As I continue on my #datascience, #bigdata and #ai journey, I am pleased to have just completed my 6th course on the Microsoft Professional Program for Big Data with 84%: Delivering a Data Warehouse in the Cloud.
There are 4 more courses left on the program, and I am still on track to complete the program by my target of the end of January 2019.
As I continue on my #datascience, #bigdata and #ai journey, I am very pleased to have just completed my 5th course on the Microsoft Professional Program for Big Data with 98%: Introduction to NoSQL Data Solutions.
There are 5 more courses left on the program, and this means I am still on track to complete the program by my target of the end of January 2019.
I am delighted to have received a President’s Award for input on data science from outgoing Institute and Faculty of Actuaries President Marjorie Ngwenya, FIA at yesterday’s AGM at Staple Inn in London.
The IFoA is a tremendously vibrant organisation and I believe IFoA and other actuaries have an important role to play in helping businesses and organisations make the most from the torrents of data becoming available, whilst also helping protect consumers from unethical use of such data. In particular, I am very pleased that the IFoA is collaborating with the Royal Statistical Society in the vital area of the ethical use of data in data science. (For example a joint event was held earlier this month on the Industrialisation and Professionalisation of Data Science)
#The2040Economy : in my opinion, every business, charity, school, government department, etc needs to harness appropriate data for their organisation as soon as possible and extract value from it, or it will be overtaken by competitors who do.
And we (society across the whole planet) need to prepare for a new economy in which very few work.
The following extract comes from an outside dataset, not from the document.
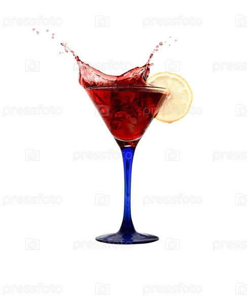 Бокал красного коктейля на белом фоне
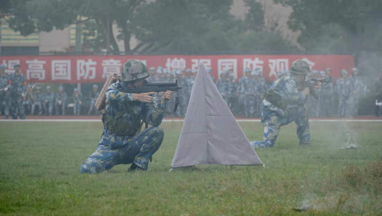 据悉,上海体育学院在军训中首次引入战斗演练,实现了学生军训内容与参军入伍训练课目的贯通,有利于大学生不断提高国防意识,增强国防观念。

Think about it: how will your children (or grandchildren) cope in a world where the economy doesn’t need them to work? How will society as a whole finance support for them?
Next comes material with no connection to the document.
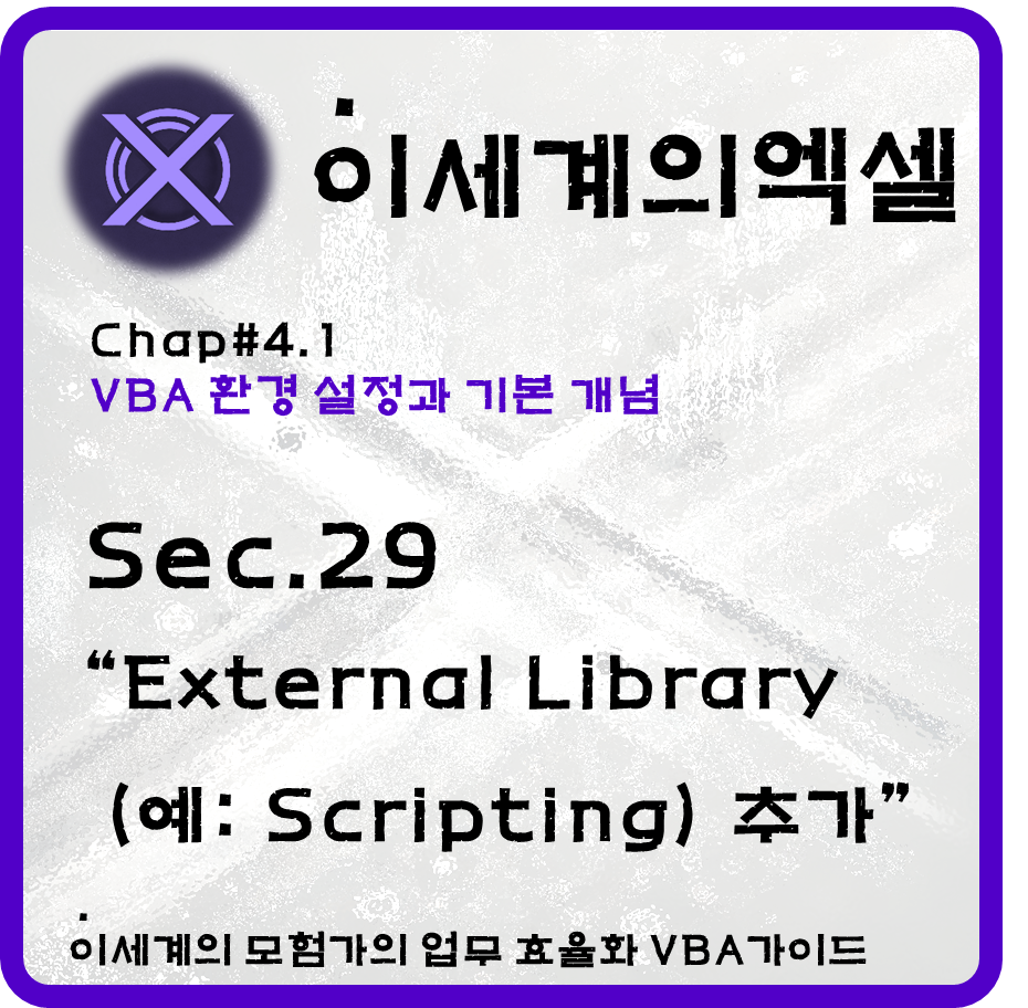 VBA는 원래부터 MS Office 애플리케이션 자동화를 위한 간단한 스크립팅 언어 성격이 강하다. 하지만 External Library(예: Scripting) 추가 방법을 숙지해 두면, 일반 프로그래밍 언어 수준으로 강력한 기능을 구현할 수 있다.

While looking at a (relatively small, 1.7 million records) big data example of New York Yellow Cab taxi trips, I am coming to the conclusion that the best place (if as we do you are using Microsoft tools) for initial analysis, including the all important first step of finding outliers/errors, is Azure Machine Learning Studio (Azure ML, as opposed to Excel, Power BI or bespoke analysis using e.g. Kendo UI).
Why Azure ML for initial analysis?
- It loads data quite quickly (e.g. just over a minute to import almost 2 million records from an Azure SQL database). This is currently much quicker than Power BI.
- It automatically produces histograms and box plots of numeric fields (see the images below, and above, where the field FareAmount has been selected). We can tell immediately from the box plot that there are several outliers (and in fact probable errors that will need to be either corrected or removed, in that FareAmount should not have negative values!).